Hyundai Pharm has submitted a fresh application to the Ministry of Food and Drug Safety (MFDS) for approval of its abortion pill, Mifegymiso, on Tuesday, marking another attempt following its initial application in 2021.

Mifegymiso, a combination of mifepristone and misoprostol, is used for medically terminating pregnancies of up to nine weeks. The regimen involves taking a 200 mg mifepristone tablet to block progesterone, a hormone essential for maintaining pregnancy, followed by 800 mcg of misoprostol one to two days later to induce uterine contractions.

Clinical studies conducted in the United States and Mexico confirmed the drug's efficacy and safety, demonstrating success rates of 94.9 percent, 96.2 percent, and 97.3 percent for complete pregnancy termination without surgical intervention up to 63 days (nine weeks) gestation. Common adverse reactions included pain (93.4 percent), nausea (70.8 percent), diarrhea (59.5 percent), and fatigue (55.7 percent).

The drug, developed in collaboration with U.K.-based Linepharma International, comes in a combination pack containing one mifepristone tablet and four misoprostol tablets.

This marks Hyundai Pharm’s third attempt to bring Mifegymiso to the domestic market. 
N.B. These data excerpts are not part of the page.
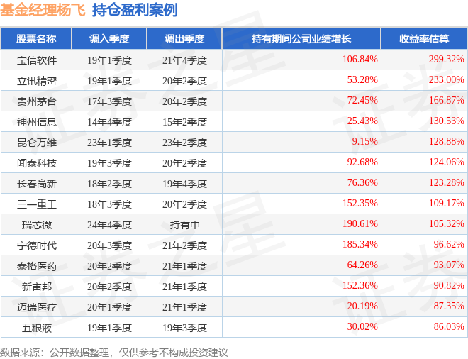 杨飞管理的国泰金龙行业混合基金在19年1季度买入宝信软件,在持有2年又3个季度后在21年4季度卖出。持有期间的估算收益率为299.32%,持有期间宝信软件在2019年到2021年的年报归属净利润增幅达106.84%。
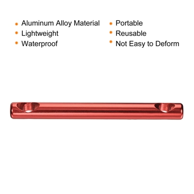 What is this?The rope adjuster has various applications for camping, hiking, backpacking, picnics, fishing, and other outdoor activities. It is widely used for fixing your tent, canopy, awning covers, rain tarp, tarpaulin, and more. What to get? Color: Red;Material: Aluminum Alloy;Hole Diameter: 7mm / 0.3″;Overall Size: 100mmx10mm / 3.9″x0.4″ (L*OD);Package Contents: 6 x Tent Rope Adjusters;Are there any advantages of the product? The tensioner is made of durable aluminum alloy material with anti-oxidation coating, which is lightweight, waterproof, not easy to deform, portable, and reusable. 2 Hole design ensures a tight grip on the tent cord, at the same time, you can adjust the cord to the length you want. How to use it? Easy to use, just let the rope go through one hole, After that, go through the other hole and knot. What to notice? Please confirm the required size before purchase.
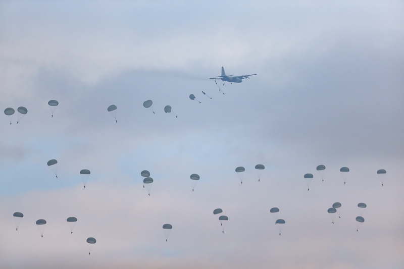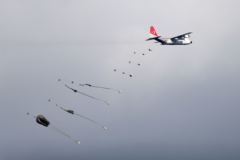 Tatbikat senaryosu kapsamında 12. Hava Ulaştırma Ana Üs Komutanlığından havalanan C-130 ve C-160 nakliye uçaklarındaki 180 paraşütçü komando, bölgeye indi.
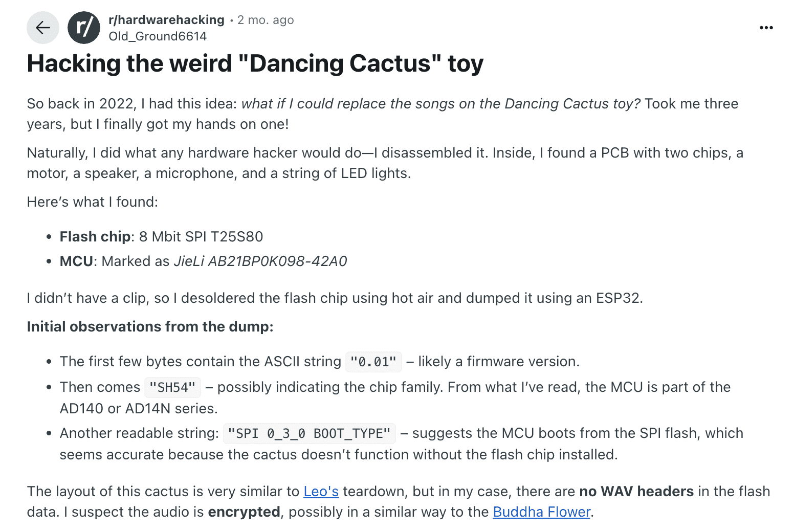 Dancing Cactus(춤추는 선인장?)라는 장난감을 분해해서 덤프 뜬 것 같은데, 보이스 디바이스랑 비슷하게 노래가 나오는 장난감인 것 같다. 그리고 MCU가 JieLi AB21BP0K098-42A0이라는데, 보이스 디바이스의 AB25BP2C923-55A0과 매우 비슷하다!
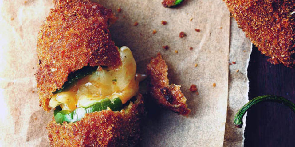 4. Das Öl auf ca. 170 °C erhitzen und die Jalapeños portionsweise 2–3 Minuten goldbraun ausbacken. Auf Küchenpapier abtropfen lassen und servieren.

The company’s first application in 2021 faced delays due to requests for additional safety and efficacy data, as well as legal challenges related to abortion legislation. A Constitutional Court ruling in 2019 decriminalized abortion, but the lack of updated legislation has stalled the introduction of abortion medication in Korea.

Hyundai Pharm re-applied for approval in March last year, only to face another request for revisions from the MFDS in July. 

This third application coincides with recent changes in the MFDS’s drug approval fee structure. The fee, previously set at 8.83 million won ($6,000), has risen sharply to 410 million won, aimed at expanding the approval workforce and reducing review times.

Hyundai Pharm plans to launch Mifegymiso in Korea once regulatory approval is granted.